Нырнув в неприметную в сумраке комнаты ещё одну дверь, мы оказались в просторной комнате, с очередным камином, похоже, здесь это основной способ согреть помещение. Помогало не очень, распаренная кожа покрылась мурашками. У высокой постели стояло кресло, перед ним стол. На нем какая-то еда, у меня не было сил вникать.

– Ешь, – бросила мне женщина.

– Ага, – вяло согласилась я.

Однако как только за ней закрылась дверь, я залезла в постель, замоталась в одеяло и мгновенно уснула. Проснулась как всегда разбитой. Ночью меня никто не посещал, остывшая еда осталась на месте. Тушеные овощи с кусочками мяса покрылись пленкой застывшего жира и выглядели не аппетитно, хлеб подсох.
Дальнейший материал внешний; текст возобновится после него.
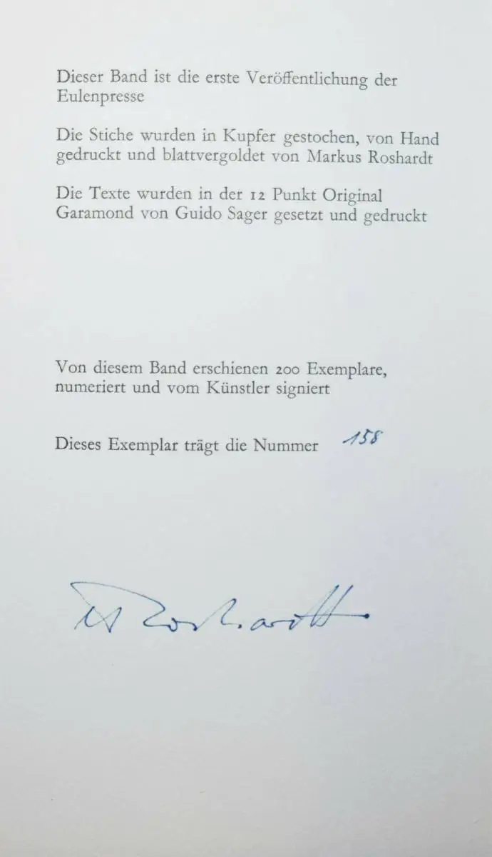 der Eulenpresse. – Eines von 200 num. Exemplaren, im Impressum von M.

Фруктовая нарезка заветрилась и потемнела. Но я неожиданно съела все, даже не обращая внимания на вкус еды, даже дольки фруктов подъела все до единой и запила все это холодным горьким чаем. Думала уснуть вновь, я привыкла, что сон это мой основной досуг, но мне не дали. Вернулась моя мучительница, с ней высокая и худая, как палка, женщина, оказавшаяся швеей. Выданный вчера халат сдернули, и я стояла нагишом напротив двух женщин, ощущая на себе их изучающие взгляды и попеременно то краснея от стыда, то ежась от холода. Наконец, с меня сняли мерки и позволили одеться.

– Жди здесь, – вновь бросила толстуха, словно я собиралась куда-то уйти.
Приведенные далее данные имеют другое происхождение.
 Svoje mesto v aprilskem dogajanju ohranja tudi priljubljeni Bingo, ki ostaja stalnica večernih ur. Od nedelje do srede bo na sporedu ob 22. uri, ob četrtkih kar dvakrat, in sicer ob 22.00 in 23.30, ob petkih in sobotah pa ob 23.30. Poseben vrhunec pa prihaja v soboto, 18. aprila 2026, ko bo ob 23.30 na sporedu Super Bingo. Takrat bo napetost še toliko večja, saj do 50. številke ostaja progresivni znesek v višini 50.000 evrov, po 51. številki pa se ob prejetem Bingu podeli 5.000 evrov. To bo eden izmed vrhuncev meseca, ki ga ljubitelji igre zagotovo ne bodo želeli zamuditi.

Сегодня у меня день визитов. Вошла сгорбленная старуха с классической бородавкой на носу, посмотрела на меня и хмыкнула. Я остро заскучала по тряскому одиночеству моей серой повозки.

– Ложись, раздвигай ноги, – проскрипела она.

– В смысле?

– Мне тебя учить? Прости девочка, за последние три десятка лет я подрастеряла опыт. Так что будь умницей, не мучай старую женщину. Ничего нового я там не увижу.

– Не хочу.

Старуха постучала в дверь своей палкой, вернулась толстуха и давешняя девочка. Мне хватило бы и одной толстухи. Не церемонясь, она уронила меня на постель, придавила сверху. Девчонка держала руки, а толстуха – разведенные в стороны ноги. Я была готова умереть от унижения и взяла на заметку, что в будущем мне надо трезво оценивать свои силы и возможности. Да и пиетета особого к своей личности я не наблюдала, не смотря на предназначенную для меня роль.
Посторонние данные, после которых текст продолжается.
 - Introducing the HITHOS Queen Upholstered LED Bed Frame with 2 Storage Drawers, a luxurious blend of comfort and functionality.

– Не девочка уже, – щелкнув языком, сказала старуха.

– Смотри, не тяжёлая ли. Маргит, закрой уши.

– Я не могу, я держу её руки, – возмутилась девочка.

Мне захотелось смеяться над абсурдностью ситуации.

– Если вы переживаете, не сбегу ли я из-под вас, не бойтесь, отпускайте девочку и секретничайте на здоровье. Вы весите не меньше коровы, без жертв из-под вас мне не выбраться.

Одну томительную минуту толстуха думала, а затем отпустила Маргит. Я растерла запястья, девочка, несмотря на то, что зелёная ещё, очень сильная. Скрипнула, а потом и хлопнула дверь.

– Посмотри, не тяжёлая ли, – шепотом продолжила толстуха.

– А если тяжёлая? – спросила бабка, больно тыкая в мой живот своими тонкими пальцами.

– Если тяжёлая, будем травить. Но никто, даже сам император Валлиар не должен знать, тем более его жена. Рожденный ребёнок должен быть первенцем и сыном Валлиара. Если кто узнает, не сносить нам головы. Но и платят золотом.

– Я уже хочу, чтоб она была тяжёлой, золото мне не помешает, – хмыкнула старуха. – Всем помогала по молодости, а самой то жалко, вот и рожала каждую вторую осень. И плакала ещё, если зимой мерли. Воистину, молодая да глупая. Сейчас все оставшиеся сидят на моей шее с внуками, а кто и с правнуками. А делов-то было, отравы выпить да помучиться два часа, и тяжести как ни бывало.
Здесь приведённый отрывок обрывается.